Creasy’s amendment seeks access to the NHS for women who travel to England and Wales from Northern Ireland seeking abortion. Right now women in Northern Ireland are pretty much denied abortion by legislative criteria that limits it to cases that will "preserve the life of the mother" - (that’s preserving, not prioritising) - and pregnancies under nine weeks and four days. Rape, incest or fatal foetal abnormality are not included as grounds for termination. The thousands of women who thus travel to England are refused free abortions on the NHS - confirmed by a recent Supreme Court ruling - on the grounds that this is a devolved matter for Northern Ireland. 

The idea behind devolution is that power should be more evenly and fairly distributed. It is not intended to deprive people of rights but to ensure rights. In refusing to exercise the powers available to him, Health secretary Jeremy Hunt is rightly acknowledging a difficult history of power imbalance between Westminster and Stormont, but he is also ignoring a wider imbalance of power, between men and women.  

There is so very much wrong with this arrangement. But a further wrong could be done if, as reports suggest, the Conservative Party whips its MPs to vote the amendment down in order to protect the regressive alliance with the anti-abortion Democratic Unionist Party (DUP) that is keeping their fragile minority government in power.

Instead of taking this opportunity to respond to the demands of women of Northern Ireland, this government is setting out the parameters of its complicity in refusing to listen to them. 

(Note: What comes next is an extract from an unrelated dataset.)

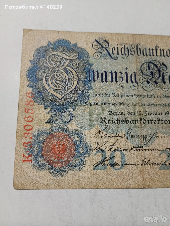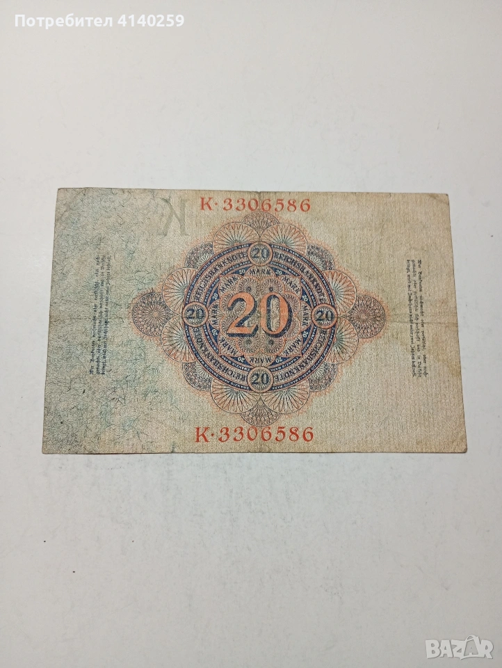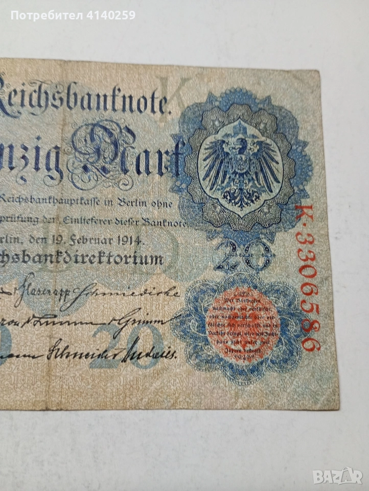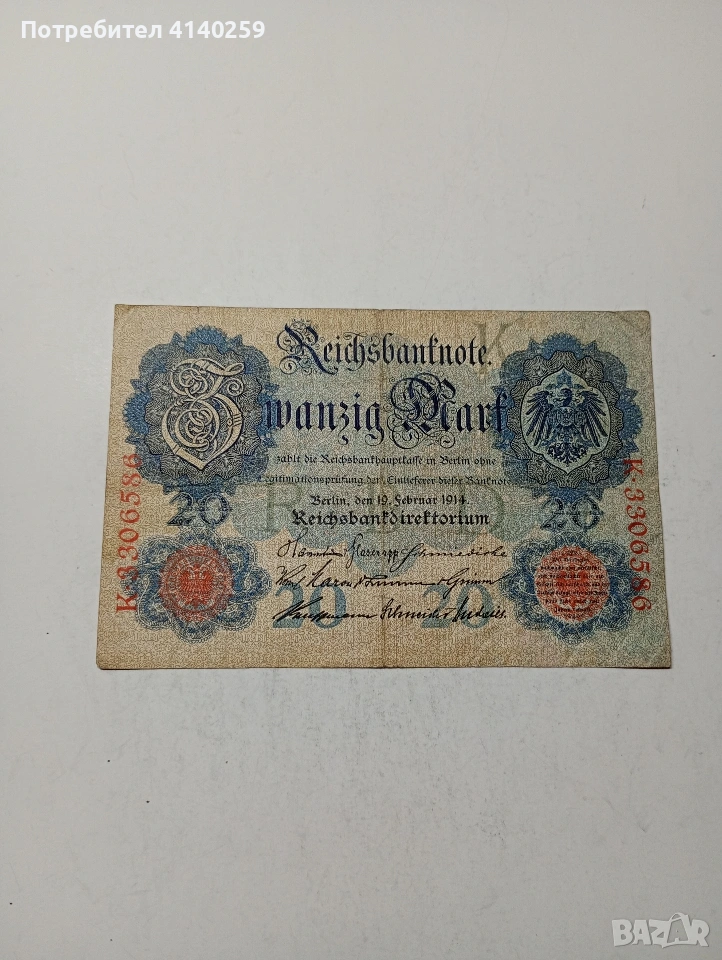ГЕРМАНИЯ БАНКНОТА 20 МАРКИ 1914 Г СЪСТОЯНИЕ ВИДИМО ПОЛУЧАВАТЕ СНИМАНАТА БАНКНОТА РАЗГЛЕДАЙТЕ ДРУГИТЕ МИ ОБЯВИ ДА КОМБИНИРАТЕ ДОСТАВКА ЕКОНТ ЗА ВАРНА ЛИЧНО

It is not the first time. In 2008 it was reported that the Labour party struck a deal with the DUP to leave Northern Ireland’s abortion laws intact, in exchange for their support over detaining terror suspects without charge for 42 days. Labour said at the time that it was concerned about the impact on existing UK abortion laws if the debate was opened.

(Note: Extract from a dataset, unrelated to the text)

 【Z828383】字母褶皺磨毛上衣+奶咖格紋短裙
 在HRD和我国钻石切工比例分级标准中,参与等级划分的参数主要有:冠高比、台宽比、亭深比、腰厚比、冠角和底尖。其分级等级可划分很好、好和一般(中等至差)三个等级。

But not one woman has equality until all women have equality. Women’s bodies are not chips to be bargained and we should not be bargaining for one group of women’s rights by surrendering the rights of another group. The UK parliament has responsibility for ensuring human rights in every part of the UK. Those include the rights of Northern Irish women.

It’s time to wake up. It’s time to stop playing politics with women’s lives. Women in Northern Ireland have been told for too long that the Good Friday Agreement is too fragile to withstand debates about their reproductive rights – a fragility that was dismissed by the Conservatives as they drew up a deal with one side of the power-sharing arrangement.

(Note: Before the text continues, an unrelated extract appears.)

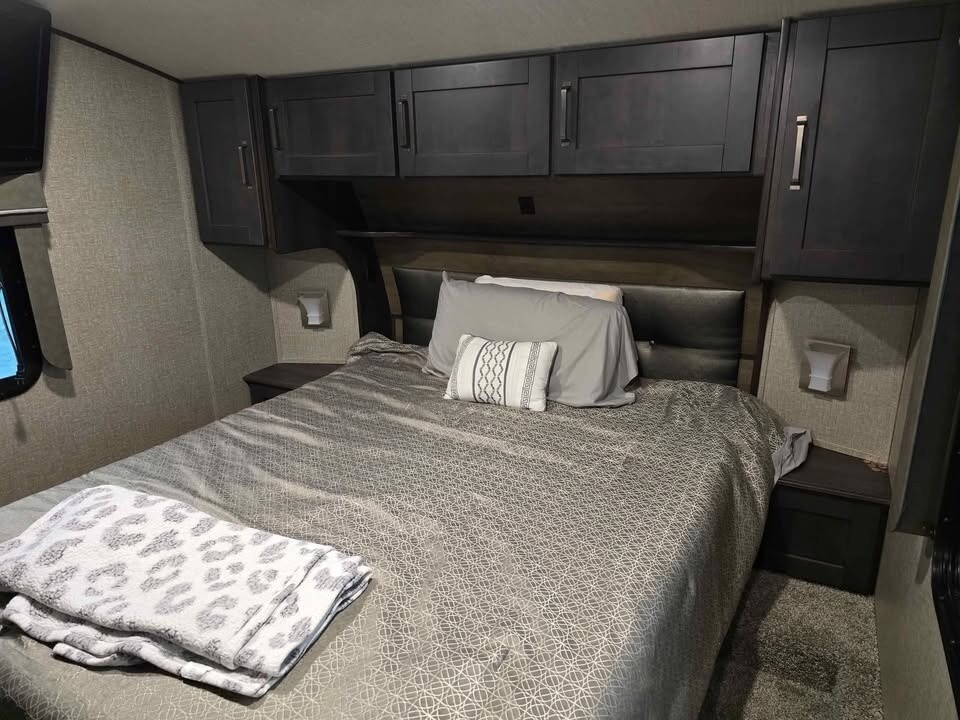 “This 2022 Grand Design Reflection 31MB Fifth Wheel offers a spacious and well-appointed layout with an overall length of 36.17 feet. It features three power retractable slide-outs, a power awning, and dual air conditioning units, providing a comfortable environment for up to six people. The unit has been carefully maintained and is ready for both weekend getaways and extended travel. The thoughtfully designed bunkhouse adds extra sleeping space and versatility, making it ideal for families or guests.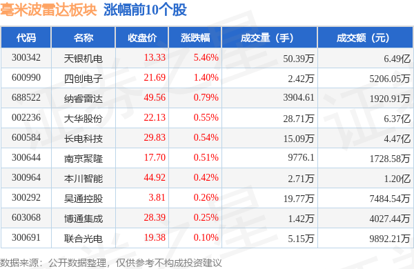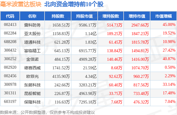 北向资金方面,当日毫米波雷达板块北向资金持股市值为151.45亿元,减持0.26亿元。其中增持最多的是雷科防务,增持了0.29亿元。减持持最多的是大华股份,减持了0.39亿元。毫米波雷达板块北向资金持股变动明细见下表:

It’s time to confront the fact that nowhere in the United Kingdom – taking Northern Ireland as a starting point rather than an end in itself – do women enjoy free and legal access to abortion. Even the UK’s 1967 act is only a loophole that allows women to seek the approval of two doctors to circumvent an older law criminalising any woman who goes ahead with an abortion.

As long as our rights are subject to the approval of doctors, to technological developments, to decisions made in a parliament where men outnumber women by two to one, to public opinion polls, to peace agreements that prioritise one set of human rights over another – well, then they are not rights at all.

The Women’s Equality Party considers any attempt to curtail women’s reproductive rights an act of violence against them. This week in Northern Ireland we are meeting and listening to women’s organisations, led by our Belfast branch, to agree strategy for the first part of a much wider battle. It is time to write reproductive rights into the laws of every country. We have to be uncompromising in our demands for full rights and access to abortion in every part of the UK; for the choice of every woman to be realised.

Sophie Walker is leader of the Women's Equality Party.